Exercise requirements
Lower down are entries containing pictures. Copy exactly, without those pictures, the lines from the line with "结构组成:空气悬挂主要由空气" through the line with "Diseño exclusivo: Ilustración".

Source data
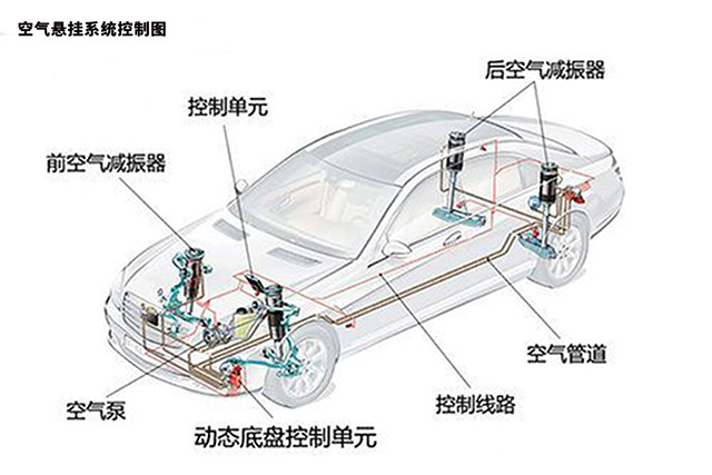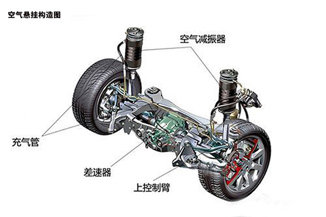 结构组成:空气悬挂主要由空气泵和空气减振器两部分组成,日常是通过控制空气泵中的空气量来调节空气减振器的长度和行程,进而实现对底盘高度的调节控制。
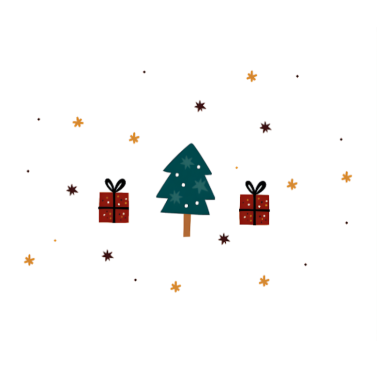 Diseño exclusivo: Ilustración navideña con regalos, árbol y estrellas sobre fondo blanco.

--

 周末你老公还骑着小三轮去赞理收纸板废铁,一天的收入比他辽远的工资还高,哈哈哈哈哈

--

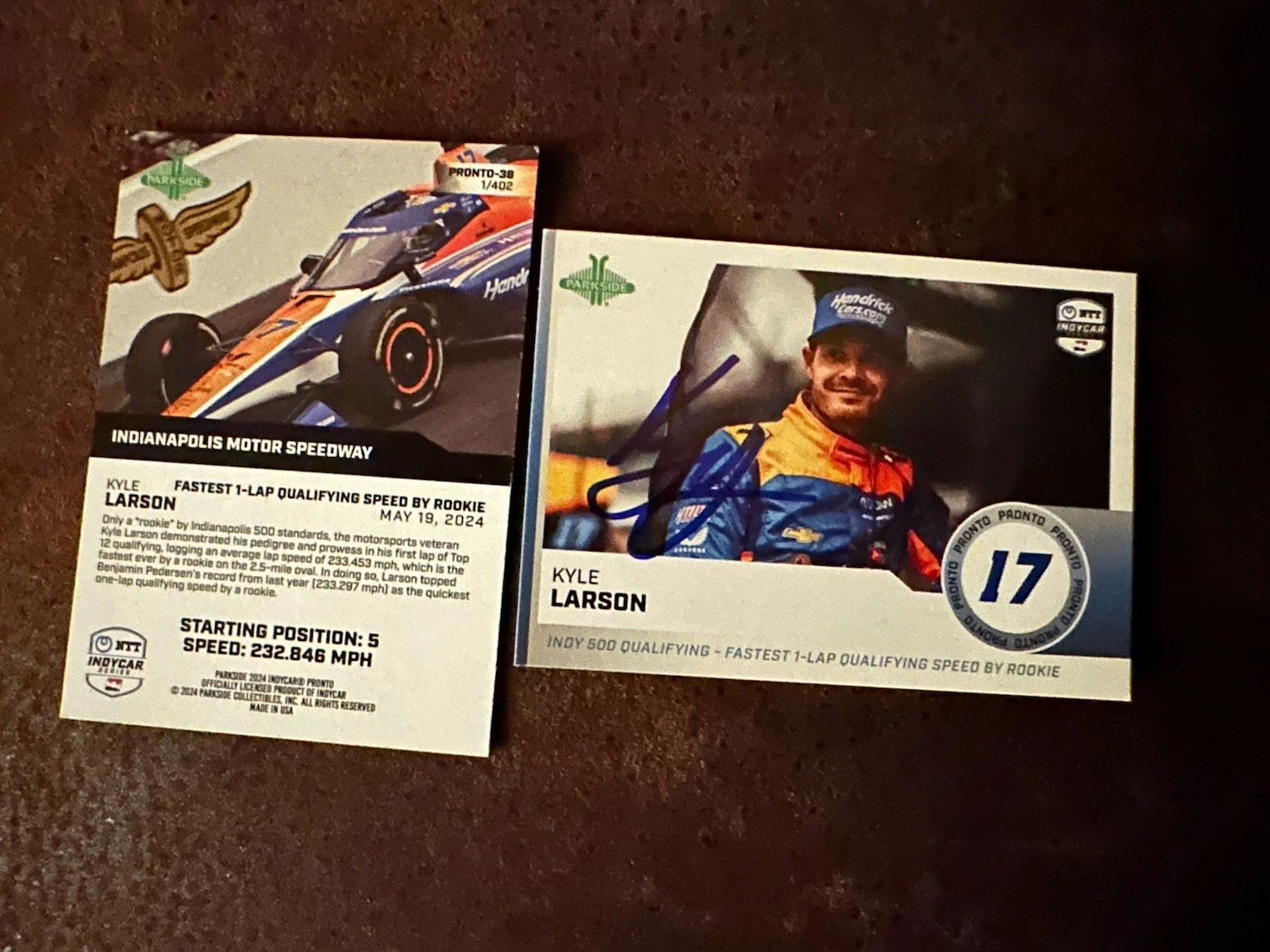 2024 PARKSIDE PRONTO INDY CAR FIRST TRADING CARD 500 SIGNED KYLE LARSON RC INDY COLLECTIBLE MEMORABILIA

Problem solution
 结构组成:空气悬挂主要由空气泵和空气减振器两部分组成,日常是通过控制空气泵中的空气量来调节空气减振器的长度和行程,进而实现对底盘高度的调节控制。
 Diseño exclusivo: Ilustración navideña con regalos, árbol y estrellas sobre fondo blanco.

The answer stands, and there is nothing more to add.